This course will take a multi-disciplinary perspective on the impact of digital technologies on the lives of children, taking insights from sociology, psychology and communications science to understand the changes technologies bring to children’s lives and how children deal with these changes, as well as to reflect on how these changes impact on their fundamental rights as laid down in the CRC. It will provide students with an introduction into the CRC and current debates on child rights to set the stage for a more in-depth analysis of child rights in light of digital technologies. It will critically reflect on the role of various child rights, such as the right to privacy and personal data protection, the right to protection against violence and abuse, the right to information and freedom of expression, the right to education and the right to personal development and play, in both protecting and empowering children.
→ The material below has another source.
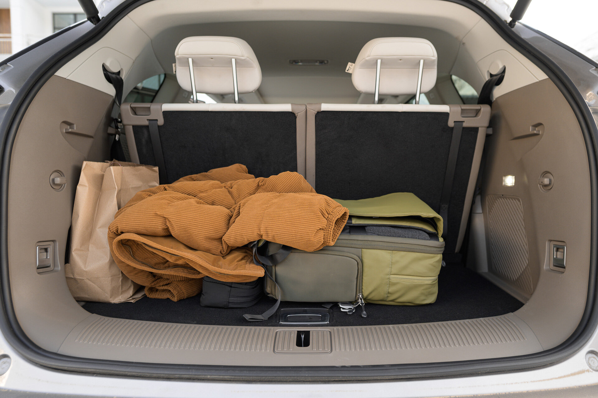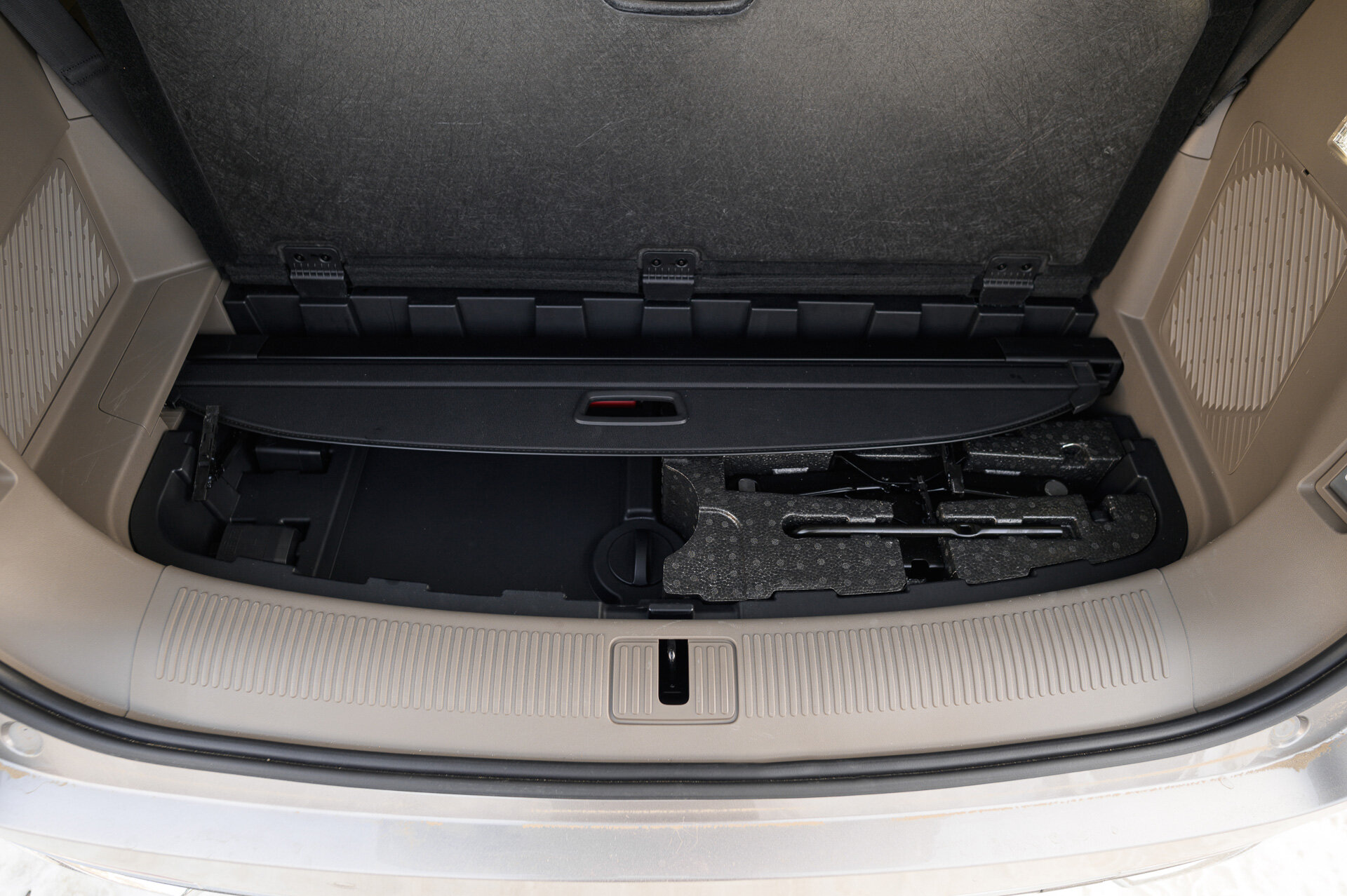 Ну а я перемещаюсь, да-да, в багажник. На фото вы видите вариант с разложенным третьим рядом. Забегая вперёд, скажу, что у третьего ряда регулируется наклон спинки, так что объём багажника даже в таком виде будет варьироваться. Два-три чемодана влезут без проблем, по документам 332 литра объёма. Если сложить все сиденья, получите 2093 литра.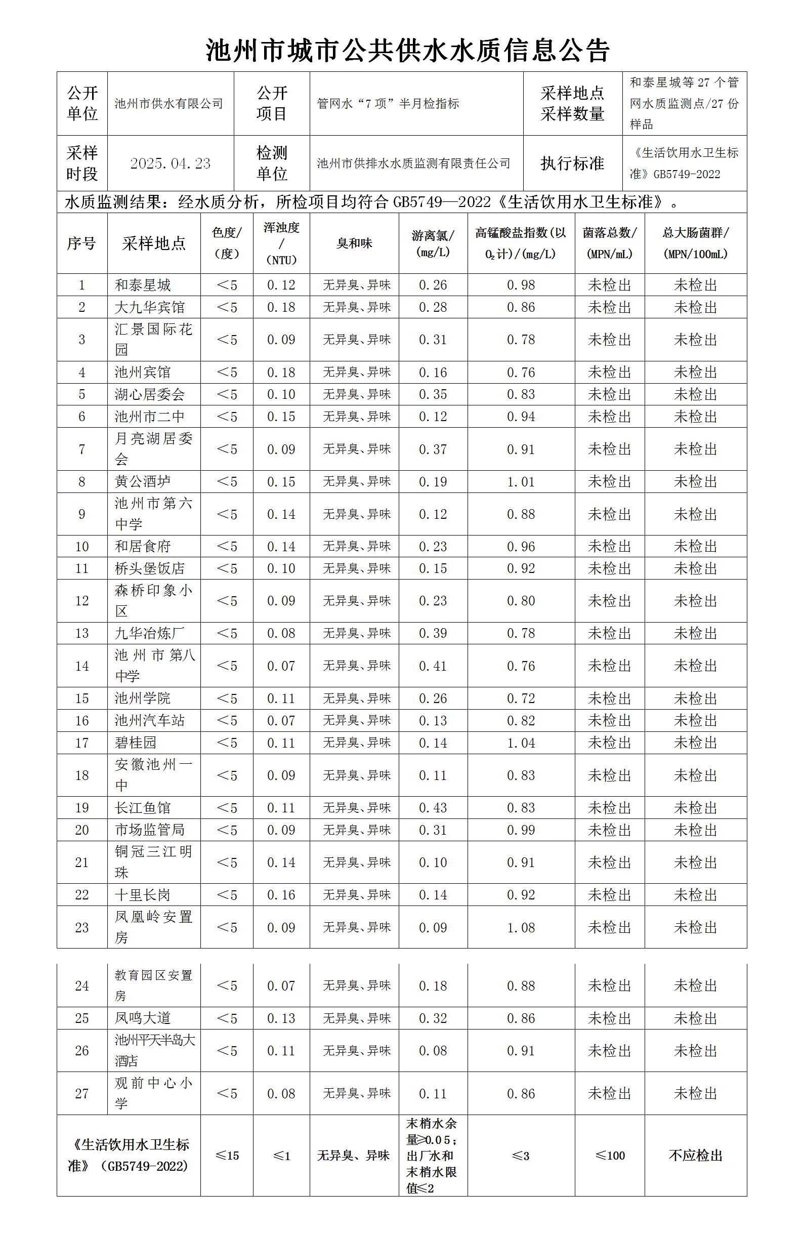 | 池州市城市公共供水水質(zhì)信息公告管網(wǎng)水“7項”半月檢指標(biāo)4-2 | |

Moreover, it will reflect on ways to involve children themselves in fleshing out digital child rights in a more meaningful by taking account of their experiences and perceptions.
Students will acquire extensive knowledge on the CRC framework and its relation to emerging and converging digital technologies.
Students will acquire knowledge on how child rights law pertains to theories on cyber-regulation and how law dynamically interacts with others modes of regulation, like technological, social and private regulation.
Students will acquire knowledge on the interdisciplinary character of debates in the domains of child rights and digital technologies and the roles of the various relevant disciplines in legal, ethical and social issues that arise in relation to children and digital technologies.
Students will acquire meaningful insights in how technology influences societal developments and, thus, challenges the law as well as in the extent to which law can deal with particular social issues.
Academic skills and attitude
- Students will further develop writing, argumentation and presentation skills by actively participating in classroom debates, systematically researching relevant legal questions, and defending statements, both orally and/or in writing, and by presenting their findings.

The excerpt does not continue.